My contribution in this area was to write a completely separate program that can be uploaded to the clock, with which you can interactively set the time. Then, you reload the normal clock firmware which no longer attempts to set the clock at all, and everything is good.

So one time in the fall, Susan’s students apparently wanted the clock to display in 24 hour time. This is of course an easy change. The Chronodot tracks time in 24 hour mode, so it was just a matter of not subtracting 12 from the hours.

Recently, the delta between the official school clock and the Classroom Clock got to be large enough to be annoying, so Susan asked me to come adjust it. We ended up bringing the clock home, and it was approaching 9 p.m. when I got around to looking at it. I wasn’t paying attention to the actual time, but when I powered up the clock, it said something like 10:43! It had always been completely reliable, so I was mystified as to why it would display a completely random time like that. After a few minutes, I realized that the minutes were correct, but why were the hours off by 2? That was a bizarre mystery.

A little while later, it finally dawned on me what the problem was. The clock might have read 10:43, but that’s only because it was in fact not designed for 24 hour time. The digit for tens of hours was not a full seven segment digit, but rather just the two rightmost vertical segments — an engineering shortcut if ever there was one! The code in the clock, when deciding what to display there, would turn both segments OFF if the hours were less than 10, and both segments ON otherwise. So, it was doing its darnedest to display 20:43, but couldn’t. And of course I was not thinking about the fact that it ought to be in 24 hour mode — I just saw 10:43 and eventually decided it was off by 2 hours somehow.

I asked Susan if she’d ever noticed it being wrong like that before, and she recalled that perhaps she had. When pressed, she remember that it was during parent-teacher conferences, in the evening. One of the only other times anyone would have been looking at the clock after 19:59.

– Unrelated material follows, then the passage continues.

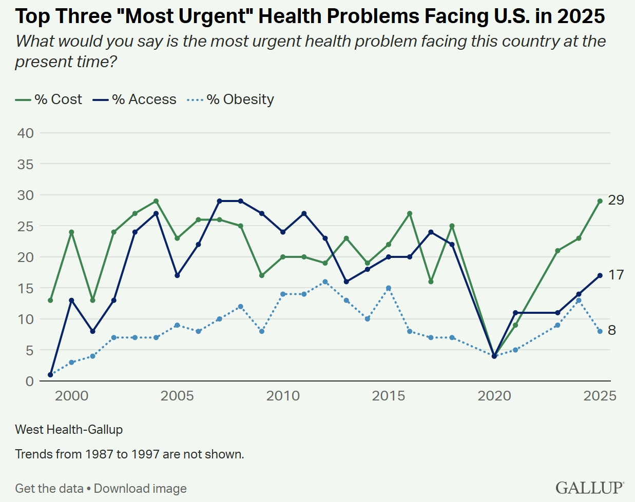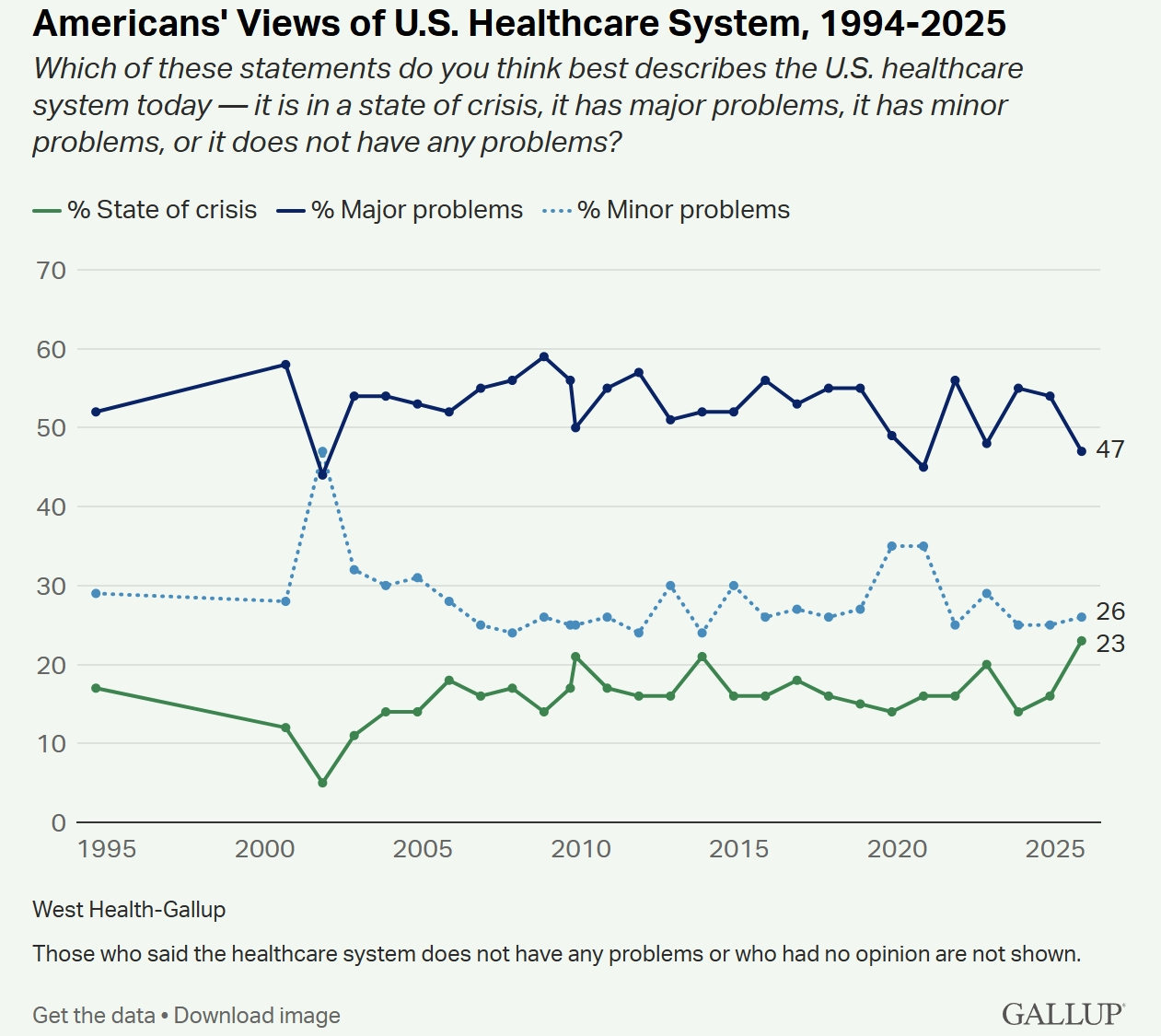 认为美国医疗体系“处于危机状态”的受访者比例高达23%,是自1994年来调查结果中的最高值。

It’s easy to see how a bug like this could cause lots of head scratching, because it would be easy to report the problem as “sometimes the clock is off by 2 hours” and leave it at that. And you’d be left poring over the code, trying to figure out how a simple math error could occur occasionally and seemingly randomly.

In the end, we decided to set the clock back to 12 hour mode.

I’ve long had a Version 2 of the clock in my brain. I’ve constructed it so that the “brains” of the clock can be transplanted while leaving the display parts intact. The brains for V2 will run on a chip that provides WiFi connectivity and runs microPython. It will therefore be able to:

  • query a timeserver on the internet for the actual time
  • periodically download a configuration file, which can have the calendar, schedule, and an offset to apply to the real time, so the clock can match the official school clocks

The hope is to write the code in a flexible enough manner that the config file can provide lots of different ways of arranging schedules and using the “extra” digit to denote the period, or day, or whatever.

And now I realize there ought to be a V2 of the display hardware as well, which would have a full digit for tens-of-hours to allow for 24 hour time, and also some form of explict PM indicator for 12 hour mode.

Some day…

EDC

If you weren’t aware EDC stands for Every Day Carry — the things you keep with you all the time so they will be handy. Here’s what I tend to carry on my person (thankfully, my pants have good pockets):

Top row includes:

Bottom Row:

And about in the middle we have the Nokia Go step tracker. Of course when I got it, it wasn’t Nokia, it was Withings, but they were purchased by Nokia.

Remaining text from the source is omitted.